Is Vancouver beginning to look like The Netherlands when it comes to the amount of cycling?
Why are you snickering?
There are some places in North America that are starting to look like some parts of The Netherlands. Not everywhere in Holland looks like central Amsterdam; there are suburbs with about the traffic as some of our busier places. And, if the seawall and popular bike routes were any indication this weekend, we’re not that different from some routes in central Amsterdam.
The Christian Science Monitor did a cover story the “The Bike Boom” in the States.

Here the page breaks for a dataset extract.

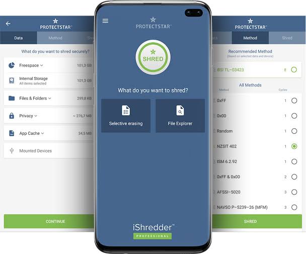 هناك العديد من التطبيقات المتوافرة على متجر جوجل لهذا الغرض، وتعتبر قادرة على حذف الملفات المستعصية في هاتف الأندرويد وأهم هذه البرامج وأشهرها هو تطبيق ishredder ، ويمتاز بكونه قادر على حذف أي ملف مستعصي بشكل نهائي، بحيث لا يمكن استعادته مهما حدث، ويتبع معايير أمان عالية جدًا.
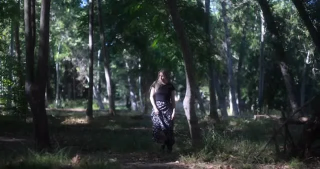 A woman with long dark hair wearing a black t-shirt and blue jeans standing outdoors with her hands on her hips, surrounded by bushes and trees with some red flowers, under a partly cloudy sky.

The bike craze is being driven by a confluence of forces – perpetually high energy prices, the green movement, and an enduring fitness craze. At the same time, a new generation of mayors is pushing bike lanes, bike-share programs, bike garages …. In some cases, the municipal chief executives are engaged in friendly – but fierce – competition to get their city labeled the most “bike-friendly.” …
The current wave is being driven by elements of the earlier ones: practicality, transportation, recreation, ecological awareness. But there is an added catalyst, too, especially for cities and institutions – raw economics.
Consider just these statistics: Chicago recently paid more than $600,000 for a single mass transit bus and has a fleet of 1,781 buses. New York is building a new subway line along Second Avenue. Just the first phase of the project is projected to cost $4.45 billion.
By contrast, Long Beach’s entire system of bike lanes, bike racks, and special traffic lights that sense riders will cost about $25 million, most of it paid by a federal grant. New York is setting up a rental program, with 6,000 bikes, that will cost a fraction of other mass-transit expenditures.
“Citi Bike isn’t just a bike network; it’s New York City’s first new public transit system in more than 75 years,” said Janette Sadik-Khan, New York’s commissioner of transportation, at a ribbon-cutting ceremony for the program.